When grey-haired missile engineers meet for drinks in the UK town of Stevenage, the home base of MBDA UK, one of the stories that they reminisce over is likely to be what a fictional detective such as Sherlock Holmes or Philip Marlow might have described as “The Tale of the Terrified Typist”. Like all legends, it has probably been embellished with each retelling, but the original version – as told to this writer soon after the event that gave rise to it – was as follows:

Early in 1991, the company (which was then BAe Dynamics) had an important package that had to delivered to the UK Royal Air Force (RAF) transport base at Brize Norton, from which a waiting aircraft would rush it to the Gulf, where the war to liberate Kuwait was about to begin.

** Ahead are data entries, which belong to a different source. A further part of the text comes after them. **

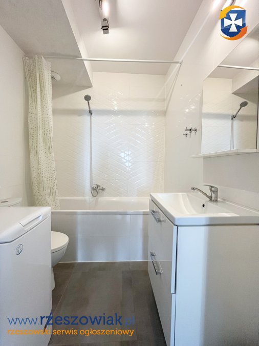 - w łazience: wanna, lustro, umywalka z szafką, pralka, kompakt wc.
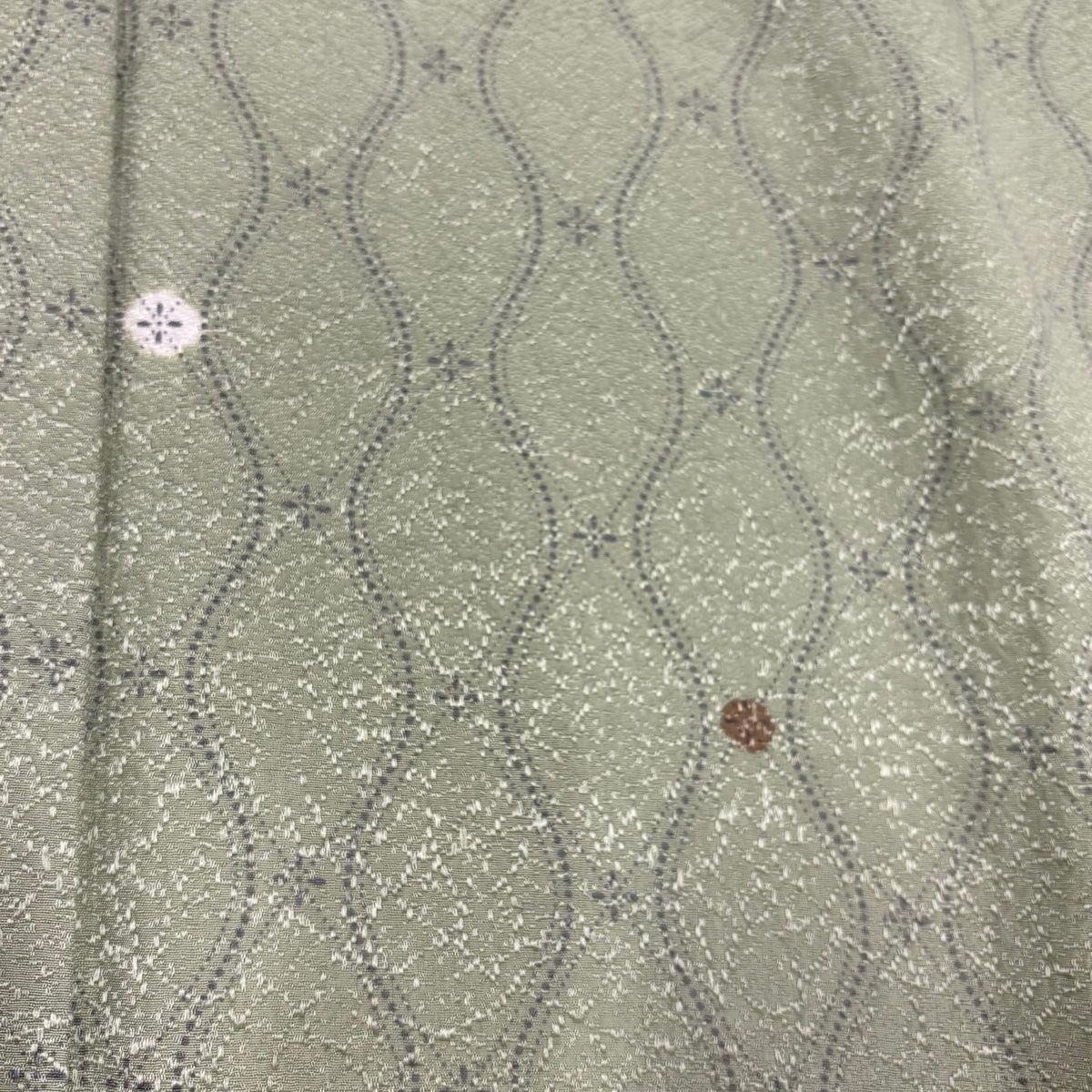 小紋 身丈161 cm 裄丈67 M 袷 幾何学 地紋 薄緑 正絹 秀品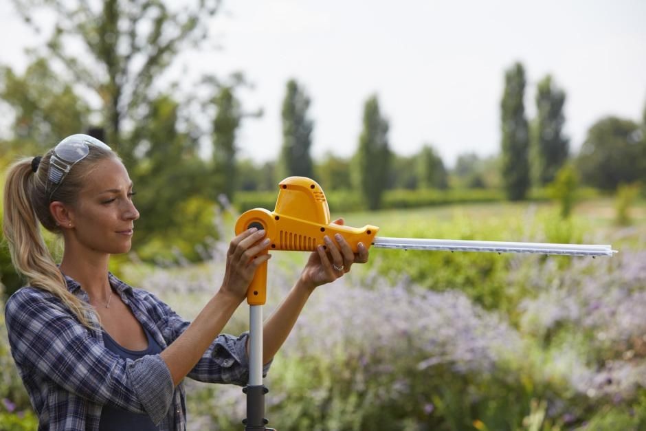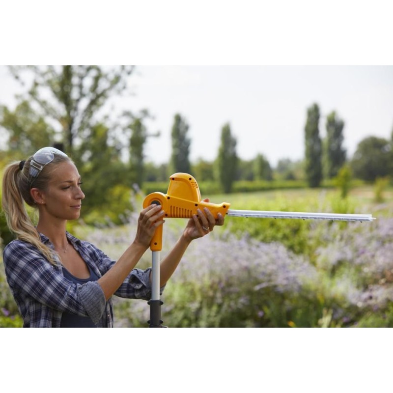 Die Heckenschere mit Ausleger eignet sich zum Schneiden sowohl höherer als auch niedrigerer Hecken vom Boden aus. Dank des Auslegers erreichen Sie auch sehr hohe Zweige und Blätter, die das ästhetische Erscheinungsbild Ihrer Hecke beeinträchtigen. Der ausziehbare Rahmen erhöht den Arbeitskomfort und reduziert den Zeitaufwand für das Heckenschneiden auf ein Minimum.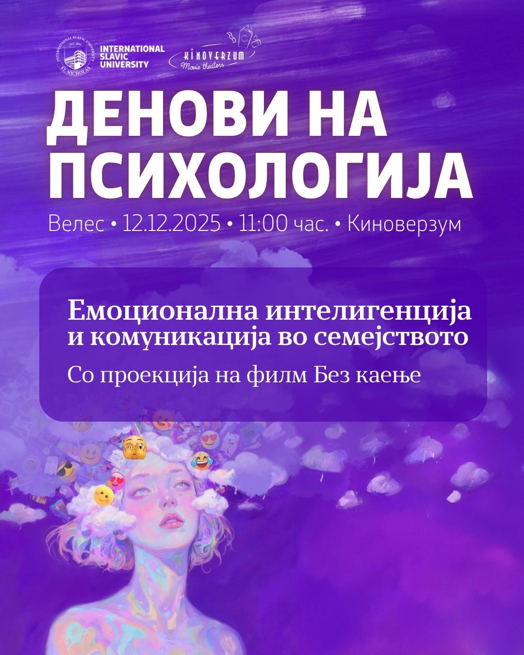 11 ноември 2025Со големо задоволство го најавуваме настанот Денови на психологија 2025, кој годинава го организираме на пет различни локации во соработка со Киноверзум, единствениот македонски ланец на кина.

The package in question was so highly-classified that it had to be hand-delivered, a task that was entrusted to one of the company’s secretaries.

Lady and package were bundled into a waiting police car, which transported them at high speed to the county boundary, where another police car from the next county’s police force was waiting to take over the task. This process was repeated from county to county until lady and package arrived at the waiting aircraft after a journey of around 160 km that had taken only 70 minutes. The police drivers probably enjoyed their chance to drive ‘flat out’, and the secretary’s nervous system is reported to have made a full recovery.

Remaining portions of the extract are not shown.